The synthesis of UiO-66(Zr)-1 by using the solvothermal method was proceeded [24]. In a typical procedure, zirconium tetrachloride (ZrCl₄; 0.35 g, 1.5 mmol) and 1,4-benzene dicarboxylic acid (H₂BDC; 0.25 g, 1.5 mmol) were located in 15.5 ml DMF. Then, the mixture was stirred at room temperature for 20 min and introduced into a solvothermal bomb which is held at 120°C for 24 h in an autoclave.
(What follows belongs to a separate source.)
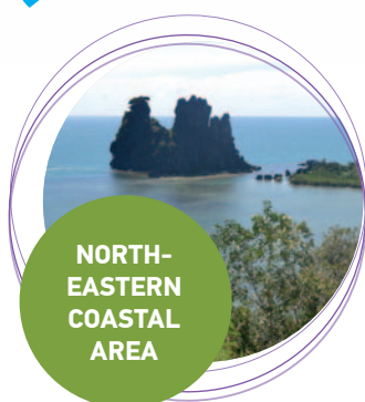
NORTH-EASTERN COASTAL AREA

2.3.5. The Synthesis of UiO-66(Zr)-2

The synthesis of UiO-66(Zr)-2 by using the solvothermal method was carried out [25]. In a typical procedure, zirconium tetrachloride (ZrCl₄; 0.16 g, 0.686 mmol), 1,4-benzene dicarboxylic acid (H₂BDC; 0.114 g, 0.686 mmol), and AcOH (2.8 mL) were located in 35 ml DMF. Then, the mixture was stirred at room temperature for 20 min and introduced into a solvothermal bomb which is held at 120°C for 24 h in an autoclave.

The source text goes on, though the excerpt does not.